The foundation of automated Amazon price tracking is a web scraper that can reliably extract pricing data from product pages. Playwright is an especially effective choice because it controls a full browser, allowing it to render JavaScript-heavy Amazon pages, handle dynamic content loading, and interact with page elements like variant selectors. A basic Playwright price tracker follows a straightforward pattern: load the product page, wait for the price element to render, extract the price text, and store it with a timestamp in a database.

Amazon actively blocks automated scraping through CAPTCHAs, rate limiting, and browser fingerprint detection. To maintain reliable access at scale, you need to rotate residential proxies, randomize request timing to avoid detection patterns, and use stealth browser configurations that mask automation signals. Proxy services designed for web scraping (like those from Bright Data, Oxylabs, or SmartProxy) provide the IP rotation infrastructure needed for sustained Amazon monitoring.

Store price snapshots in a structured database (PostgreSQL or SQLite for smaller operations) with columns for ASIN, price, seller, timestamp, and any relevant product attributes. This creates a searchable price history that you can query for trend analysis, export to spreadsheets, or feed into repricing algorithms. Schedule the scraper to run at regular intervals using cron jobs or a task scheduler, with the frequency determined by how quickly prices change in your product category.

Step 5: Analyze Price History

Raw price data becomes valuable when you analyze it for patterns that inform purchasing or pricing decisions. Several types of analysis are particularly useful for Amazon price tracking.

Seasonal pattern analysis reveals when products typically reach their lowest and highest prices throughout the year. Amazon runs major promotional events (Prime Day in July, Black Friday and Cyber Monday in November, and holiday sales in December) that create predictable price dips. By reviewing historical data across multiple years, you can predict when prices will drop and plan purchases or inventory accordingly.

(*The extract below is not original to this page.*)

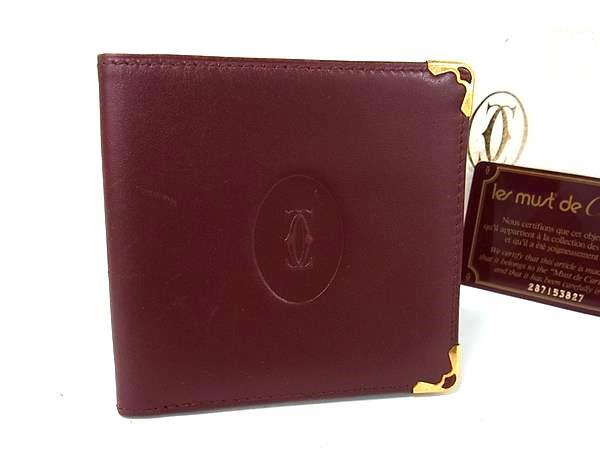 > 1円 ■美品■ Cartier カルティエ マストライン レザー 二つ折り 財布 ウォレット 札入れ メンズ ボルドー系 FP8083

Competitor repricing behavior analysis identifies how specific sellers adjust their prices in response to market changes. Some sellers follow the Buy Box price closely, adjusting within minutes. Others reprice on a daily or weekly schedule. Understanding competitor repricing patterns helps you set your own repricing rules more effectively, timing adjustments to capitalize on competitor inactivity or avoid triggering price wars.

Price elasticity estimation helps sellers determine how price changes affect sales volume. By correlating price changes with sales rank movements (which indicate relative sales velocity), you can estimate how sensitive demand is to price for specific products. Products with high elasticity benefit from aggressive competitive pricing, while products with low elasticity (often niche or specialty items) can sustain higher margins without significant volume loss.

The data from these analyses feeds directly into better pricing decisions, whether you are a consumer timing a purchase, a seller optimizing margins, or a brand monitoring channel pricing compliance.

Key Takeaway

Start with free tools like CamelCamelCamel or Keepa to get immediate price history and alerts, then graduate to custom automation with Playwright when you need to track at scale or require data ownership for competitive analysis.